Alex Pietrangelo was sitting in sixth for points and second in goals among all NHL defensemen. However, scoring is not the only factor being scrutinized when choosing a Norris Trophy winner.
An important role for a D-man is on the power play and he was second in the league with power-play goals. He and Brent Burns are tied at second with 225 shots trailing Roman Josi.
Pietrangelo mentions his intention to shoot the puck more this season:
Scoring, shots on goal and power-play success make Pietrangelo a strong contender for the Norris Trophy. He is a solid two-way defenseman with exceptional passing and knowledge of the ice. He’s rarely out of position and when he is, he knows how to dial it back in quickly to set up his forwards or fellow defenseman.
Hart Memorial Trophy
It may be a long shot, but David Perron deserves consideration as the most valuable player to his team. He has 27 power-play points (ranked 10th in the league) and nine game-winning goals (ranked third in the league).
Perron is tied with Brayden Schenn leading the team in goals with 25. He leads the team in offensive point shares with 5.0 and is first among Blues forwards for overall point shares.
He leads the team in overtime goals and sits one point behind Ryan O’Reilly, who leads the team with 61 points. The two have great chemistry on the ice and are key to scoring themselves or setting up scoring chances for their fellow linemates.
Hobey Baker Winner
Scott Perunovich was recently awarded the Hobey Baker Award for the college hockey best player of the year.
Selected 45th overall by the Blues in the 2018 NHL draft, Perunovich agreed to a two-year entry-level contract with the Blues in March.
“The expectation is always a national championship, and I have been fortunate enough to be a part of two of them,” Perunovich told SportsCenter.
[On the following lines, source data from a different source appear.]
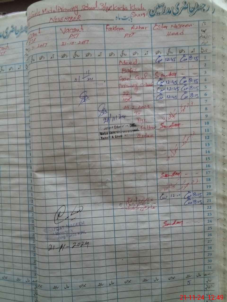 | Remarks (Use Separate Page if Required): PST teacher Fakhra Azhar showing on temporary duty in Gmps 22 10R from 24 February 2023 till now but temporary duty order not renewed up till now Nsb and FTF record not maintained | |||||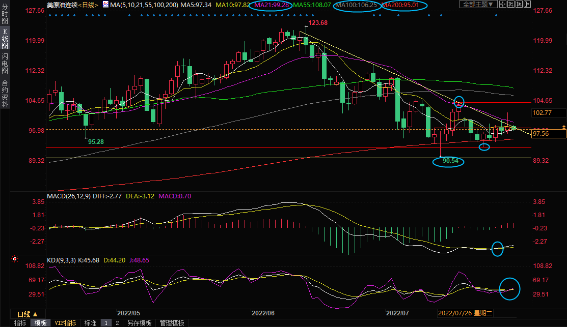 本交易日重点关注美国7月ISM制造业PMI数据的表现,目前市场预期不佳,可能会拖累油价;此外,还需留意欧美股市表现,近期欧美股市普遍大幅上涨,给油价也提供了一些支撑;当然,对于俄乌地缘局势和全球新冠疫情也需要予以留意。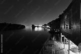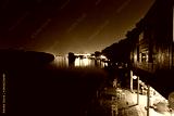Floating hostels and old town near Sava River at night in Belgrade, Serbia.

“I’m extremely honored and humbled to be this year’s Hobey Baker Award recipient.”
Perunovich plays for the Minnesota-Duluth Bulldogs and was part of their back-to-back NCAA national championships as a freshman and sophomore.
Individual Team Award
Colton Parayko’s 12 points in February equaled as many points in October and November combined. He already posted three points in March before the season was suspended.
Parayko was truly showing his two-way ability as a defenseman. He’s a big presence with an unobstructed view of the ice to defend and set up his teammates or score himself. The addition of Marco Scandella only improved Parayko’s play as the two quickly found chemistry on the ice.
Back on the Ice
Hopefully this pandemic gets controlled quickly and the NHL can resume from where they left off. Other options are already being considered in the case that doesn’t happen.
Whatever the outcome of this season’s pause, Blues players weren’t on the radar for numerous NHL awards. They were playing as a team to defend their Stanley Cup Championship. If life allows, they’ll have the chance to do that within the time frame of this season or at least this year.